Optimalisasi Layanan SPPG untuk Gizi Anak di Sigi
Satuan Pelayanan Pemenuhan Gizi (SPPG) Polres Sigi akan menjadi garda terdepan dalam implementasi Program Makan Bergizi Gratis. Pelayanan ini dirancang untuk memastikan setiap anak mendapatkan makanan yang layak dan memenuhi standar gizi yang telah ditetapkan. Fokus awal di Desa Maku akan menjadi model percontohan untuk perluasan program ke wilayah lain di Kabupaten Sigi ke depannya.
Imam, Kepala SPPG Polres Sigi, menegaskan pentingnya program ini bagi pertumbuhan dan perkembangan optimal anak-anak. Dengan target 2.705 penerima manfaat dari 25 sekolah, SPPG berupaya menjangkau sebanyak mungkin siswa yang membutuhkan. Ketersediaan makanan bergizi diharapkan dapat meningkatkan konsentrasi belajar, daya tahan tubuh, dan kesehatan secara keseluruhan.

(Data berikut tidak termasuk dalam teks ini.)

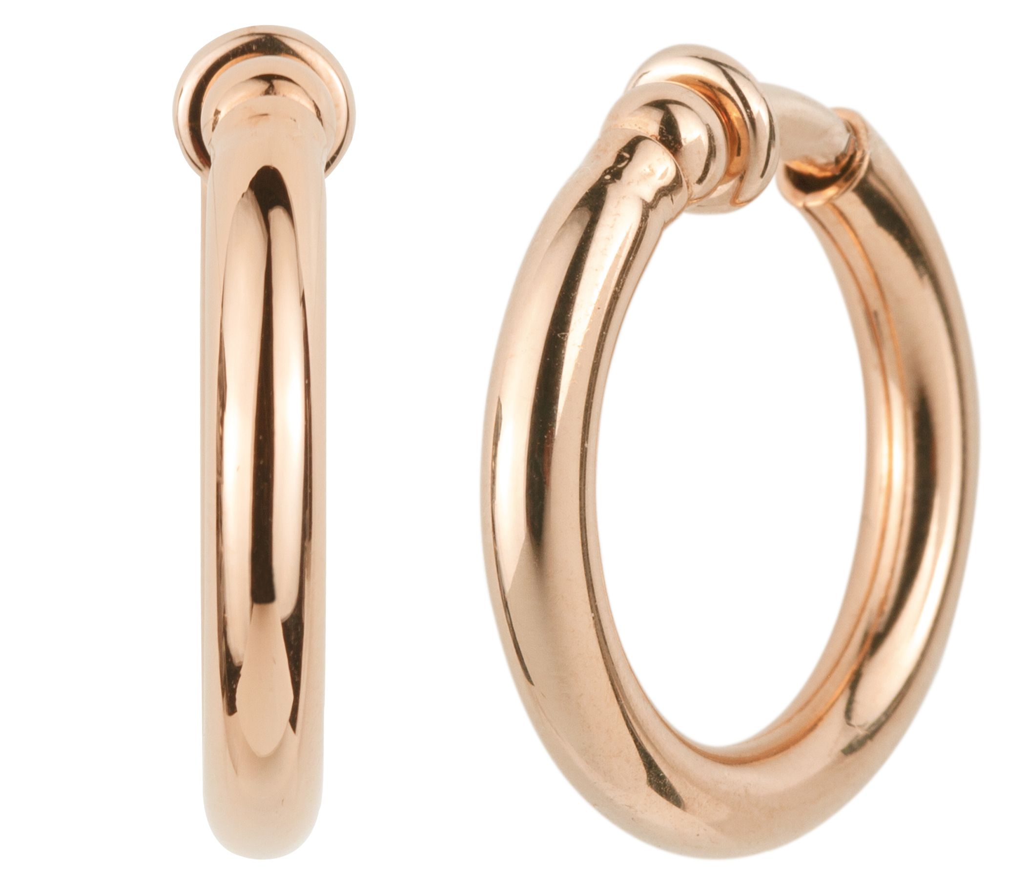 Hoop earrings have been a fashion icon for years! They are stylishly playful and match any outfit. These hoop clip-on earrings from Traveller are specially designed for those without pierced ears. The clips are fully gold plated with 18 carat rose gold (core material: metal), have a diameter of 25 millimetres, a thickness of 4 millimetres and weigh 4 grams each.

Dalam pelaksanaannya, SPPG akan memastikan distribusi makanan berjalan lancar dan tepat sasaran kepada seluruh penerima manfaat. Pendekatan bertahap ini memungkinkan evaluasi dan perbaikan berkelanjutan untuk efektivitas program. Komitmen untuk mencakup seluruh sekolah di Desa Maku menjadi prioritas utama demi pemerataan akses gizi.

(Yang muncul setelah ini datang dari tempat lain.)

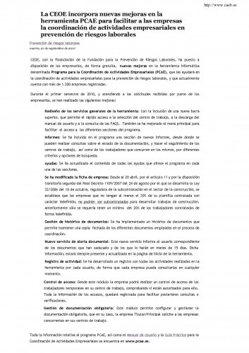 CEOE, con la financiación de la Fundación para la Prevención de Riesgos Laborales, ha puesto a disposición de los empresarios, de forma gratuita, nuevas mejoras en la herramienta informática denominada Programa para la Coordinación de Actividades Empresariales (PCAE), que les ayudará en la coordinación de actividades empresariales para la prevención de riesgos laborales, y que actualmente cuenta con más de 1.300 empresas registradas.

Kolaborasi Multisektor dan Pengawasan Keamanan Pangan Program Makan Bergizi Gratis
Keberhasilan Program Makan Bergizi Gratis tidak lepas dari peran serta aktif masyarakat dan berbagai pihak terkait. SPPG Polres Sigi melibatkan sebanyak 47 relawan untuk membantu operasional distribusi dan persiapan makanan. Sekitar 30 persen dari relawan tersebut merupakan warga setempat, menunjukkan partisipasi aktif komunitas dalam mendukung inisiatif ini.

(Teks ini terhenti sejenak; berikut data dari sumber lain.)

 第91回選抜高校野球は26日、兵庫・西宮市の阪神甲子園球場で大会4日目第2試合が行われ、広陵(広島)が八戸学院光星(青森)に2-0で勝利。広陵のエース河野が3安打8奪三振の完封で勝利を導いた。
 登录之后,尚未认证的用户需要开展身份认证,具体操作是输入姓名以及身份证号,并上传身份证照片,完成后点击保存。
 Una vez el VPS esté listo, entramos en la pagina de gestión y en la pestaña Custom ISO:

Kapolres Sigi, AKBP Kari Amsah Ritonga, menekankan pentingnya kolaborasi antarlembaga dalam pengawasan program. Pemerintah daerah melalui Dinas Kesehatan dan Dokkes Polda Sulteng akan dilibatkan secara intensif untuk memeriksa kandungan gizi setiap makanan. Hal ini bertujuan untuk menjamin kualitas, keamanan, dan kelayakan pangan yang didistribusikan kepada anak-anak.
Pengawasan menyeluruh ini merupakan langkah preventif krusial untuk menghindari hal-hal yang tidak diinginkan, seperti kasus keracunan makanan yang dapat membahayakan siswa. Seluruh pihak, termasuk pemerintah daerah, Badan Gizi Nasional, Dinas Kesehatan, maupun Dokkes Polda Sulteng, memiliki tanggung jawab bersama. Sinergi ini memastikan Program Makan Bergizi Gratis berjalan efektif, aman, dan memberikan dampak positif maksimal bagi seluruh penerima manfaat di Kabupaten Sigi.